Monday, July 9, 2012

HOUSEPLANTS


          I wonder how many of my friends have house plants. I lie in the tub looking at a small Elephant Ear in a plastic milk jug that John got free when he placed his annual Burpee Seed order.  (They also sent him a blueberry bush and a potted palm that are part of his container garden, outside.)
          I grew up in what is now called a Midcentury Modern house, with planters built into the terrazzo floors.  I didn't know until recently that the twining fig that still thrives there had been a houseplant of my grandmother's before the house was built in 1955. That amazing plant twines up around windows and spreads across the ceiling, held up by hooks my dad screwed into the ceiling many years ago.
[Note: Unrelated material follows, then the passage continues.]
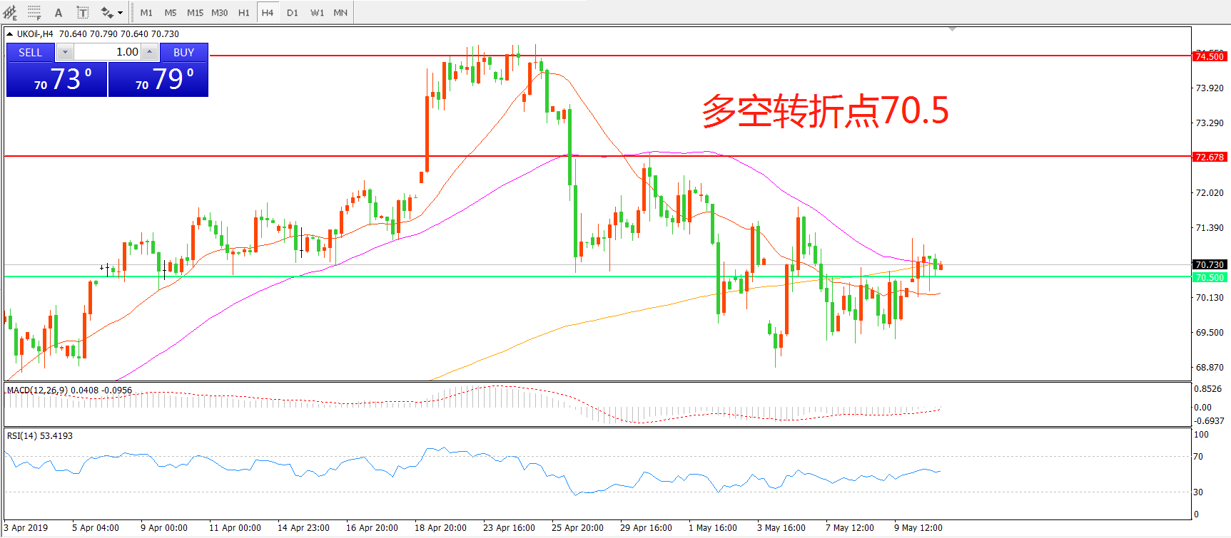 多空转折点:70.50

          In an adjacent planter huge peace plants reach up toward skylights making for a tight squeeze when you come in the front door. The third planter is fallow, but for tiny creepers of split-leaf elephant ears sneaking in from a planter outside.
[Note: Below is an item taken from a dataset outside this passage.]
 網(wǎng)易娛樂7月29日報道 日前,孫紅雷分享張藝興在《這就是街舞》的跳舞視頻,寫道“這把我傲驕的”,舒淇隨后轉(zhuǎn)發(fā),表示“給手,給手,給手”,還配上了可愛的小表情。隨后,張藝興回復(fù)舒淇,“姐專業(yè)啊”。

          The first houseplants I remember, after I moved away from home, are the coleuses Roger and I had in Berkeley in the early 1970s, tropical plants that come in various shades of red, yellow and purple.  I remember a photo of me with long hair, holding Junior, Roger's and my black and white Manx. The hanging coleus takes up most of the frame. The cat "ran away" after we had him neutered. Roger thought UC medical students nabbed him.  I don't know what became of the plant, or the wandering Jew that flourished in a sunny window, or the African violet that used to grow on Roger's horse-trough desk.
          One of my favorite houseplants was a Boston fern. It perched on a white octagonal column.  I used to pretend I was the wind, and ruffle it, then vacuum up the little brown leaves that fell from its fronds.  When I moved from Los Angeles to Oakhurst I gave it to my parents who planted it up in their shady canyon. I always forget, when I visit, to see if it's still there. I got another one when we built our house in 2000. It lived for ten years in my sunny bathroom. My darling Abyssinian Amber, who was strictly an indoor cat, used to lie under its feathery fronds. I think this somehow satisfied her primal instincts.
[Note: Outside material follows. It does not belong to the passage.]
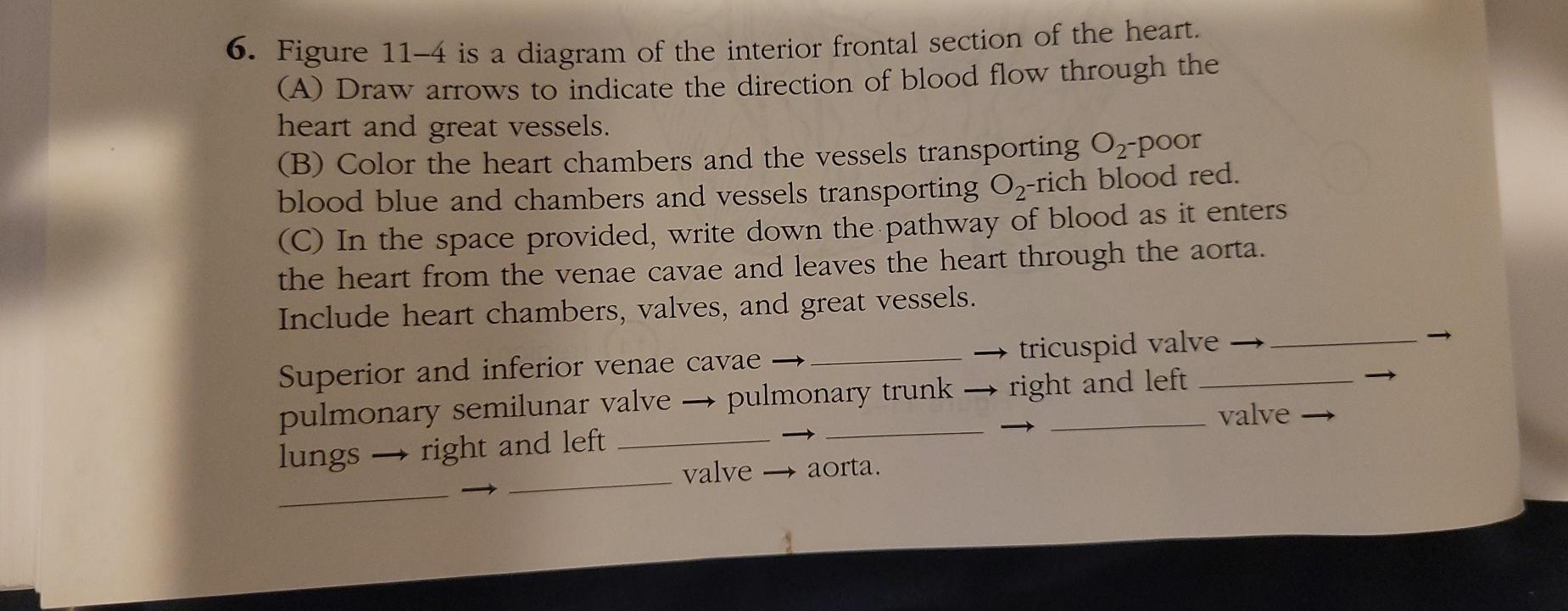 Solved 6. Figure 11-4 is a diagram of the interior frontal ... Figure 11-4 is a diagram of the interior frontal section of the heart. (A) Draw arrows to indicate the direction of blood flow through the heart and great vessels. (B) Color the heart chambers and the vessels transporting O2-poor blood blue and chambers and vessels transporting O2-rich blood red.

          When I met John, in 1992, he had a small corn plant that had belonged to his mom in Iowa. He took it to Texas where it lived many years, then to California. It lived with us in YLP, then Kirk's house, and our house on Quartz Mountain, where it sprouted new growth.  Now it occupies a window in the dining room.  I love stroking the sleek long leaves, when I give it a drink, every week.
          We had over forty houseplants when we moved from California. Most of them found homes with friends. John managed to bring six with him in the U-Haul. The vegetable garden was left behind, as were the natural plants – wildflowers, trees, shrubs, and vines that I miss daily.
          I'm learning to love the trees of Texas, the flowering crepe myrtles, and the gnarly old oaks.  Outside the post office a sycamore struggles to survive. The top is dying but new sprouts push out from lower limbs. I wish I could be in charge of this tree. I would get someone to trim it and fertilize it. I would ask that the grass around its base be weeded and watered.  I would like to sit under that tree and gaze up at the sky. But judging from the window that's been boarded up for six-months and weeds sprouting in the planters I know my wish to see the sycamore thrive is just a dream.